WORK TO COMPLETE
A faithful copy is required: transcribe each line below exactly, minus the pictures.

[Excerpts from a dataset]
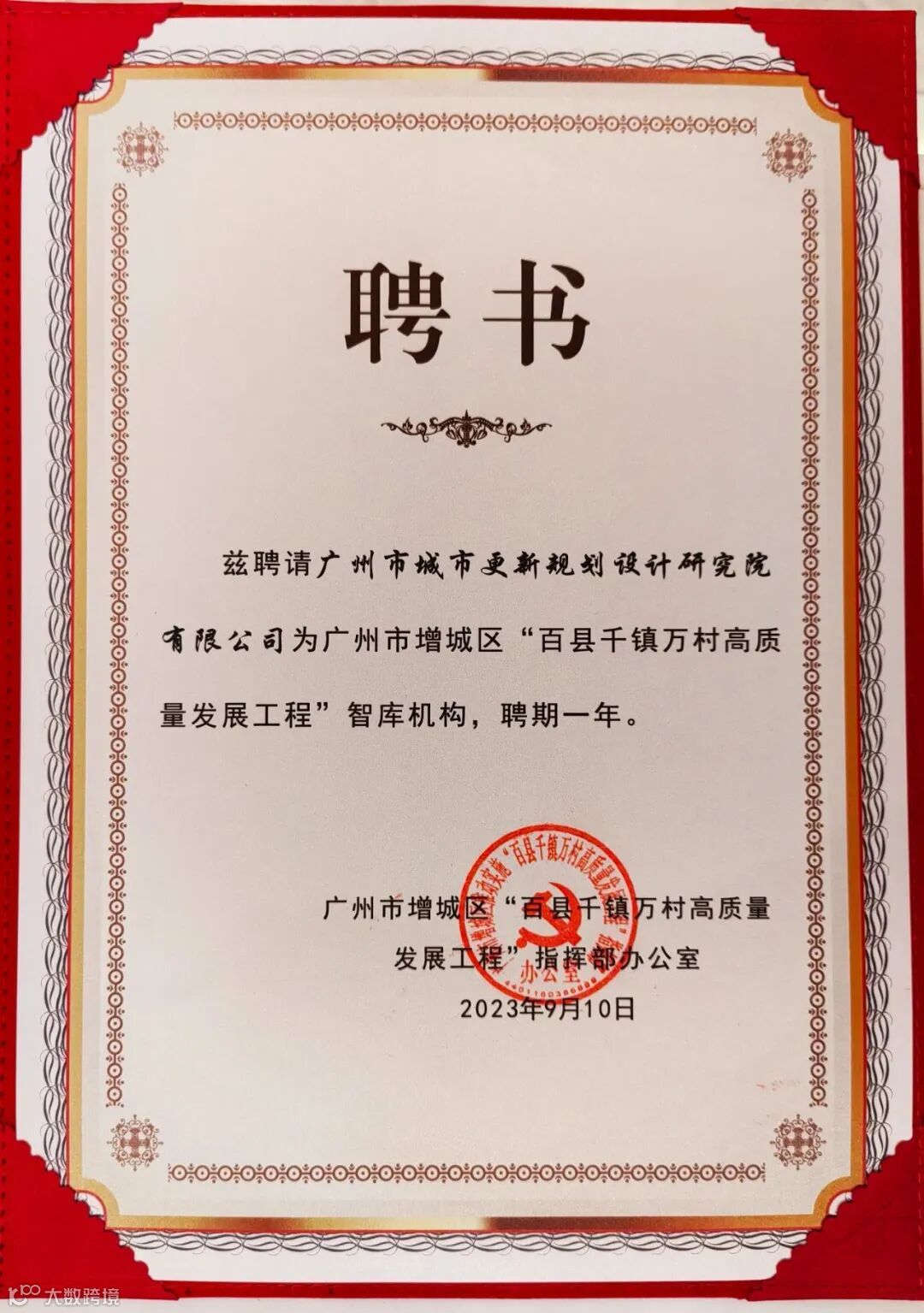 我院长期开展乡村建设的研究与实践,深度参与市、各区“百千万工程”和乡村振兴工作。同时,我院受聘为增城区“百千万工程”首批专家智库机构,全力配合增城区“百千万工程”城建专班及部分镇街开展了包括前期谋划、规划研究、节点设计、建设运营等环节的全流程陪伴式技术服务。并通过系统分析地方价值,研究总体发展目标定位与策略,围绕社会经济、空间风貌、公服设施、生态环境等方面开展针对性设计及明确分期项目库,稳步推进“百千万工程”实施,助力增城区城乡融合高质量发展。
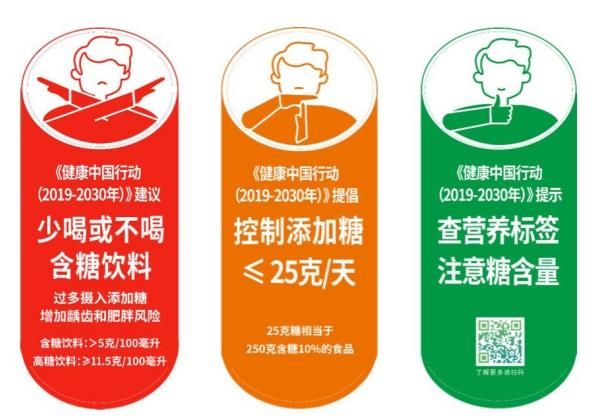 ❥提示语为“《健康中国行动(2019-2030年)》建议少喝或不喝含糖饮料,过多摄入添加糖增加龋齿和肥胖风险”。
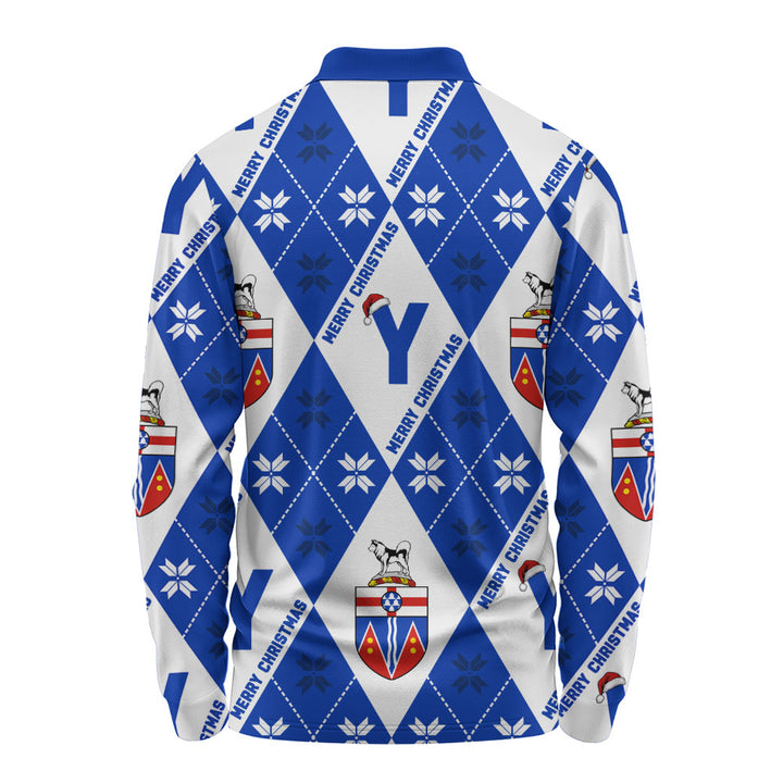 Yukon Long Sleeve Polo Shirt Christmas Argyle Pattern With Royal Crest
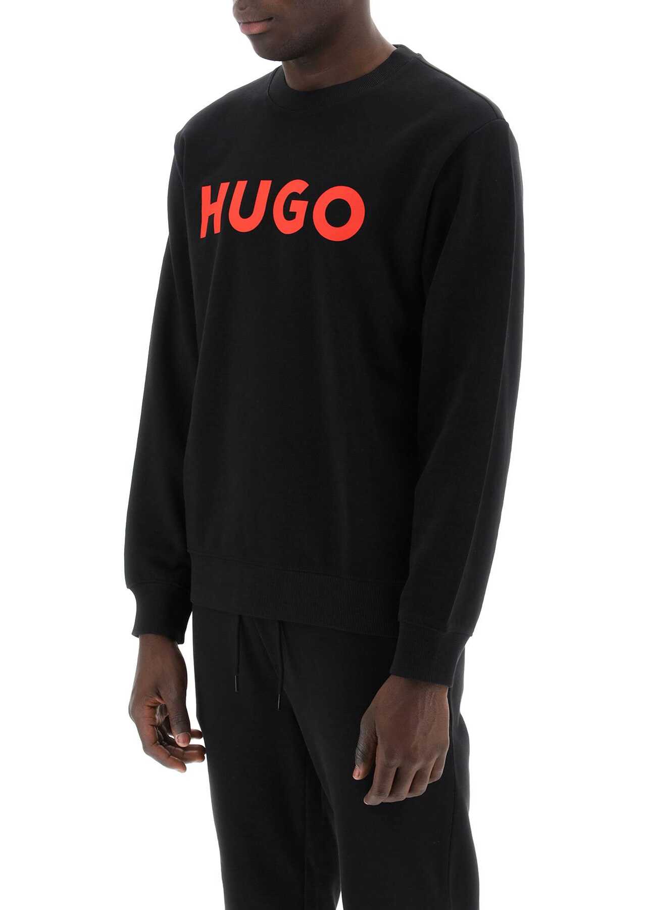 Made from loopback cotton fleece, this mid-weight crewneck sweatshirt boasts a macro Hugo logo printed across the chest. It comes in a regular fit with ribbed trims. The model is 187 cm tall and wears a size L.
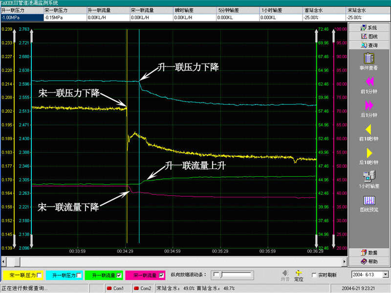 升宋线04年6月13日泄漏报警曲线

SOLUTION
 我院长期开展乡村建设的研究与实践,深度参与市、各区“百千万工程”和乡村振兴工作。同时,我院受聘为增城区“百千万工程”首批专家智库机构,全力配合增城区“百千万工程”城建专班及部分镇街开展了包括前期谋划、规划研究、节点设计、建设运营等环节的全流程陪伴式技术服务。并通过系统分析地方价值,研究总体发展目标定位与策略,围绕社会经济、空间风貌、公服设施、生态环境等方面开展针对性设计及明确分期项目库,稳步推进“百千万工程”实施,助力增城区城乡融合高质量发展。
 ❥提示语为“《健康中国行动(2019-2030年)》建议少喝或不喝含糖饮料,过多摄入添加糖增加龋齿和肥胖风险”。
 Yukon Long Sleeve Polo Shirt Christmas Argyle Pattern With Royal Crest
 Made from loopback cotton fleece, this mid-weight crewneck sweatshirt boasts a macro Hugo logo printed across the chest. It comes in a regular fit with ribbed trims. The model is 187 cm tall and wears a size L.
 升宋线04年6月13日泄漏报警曲线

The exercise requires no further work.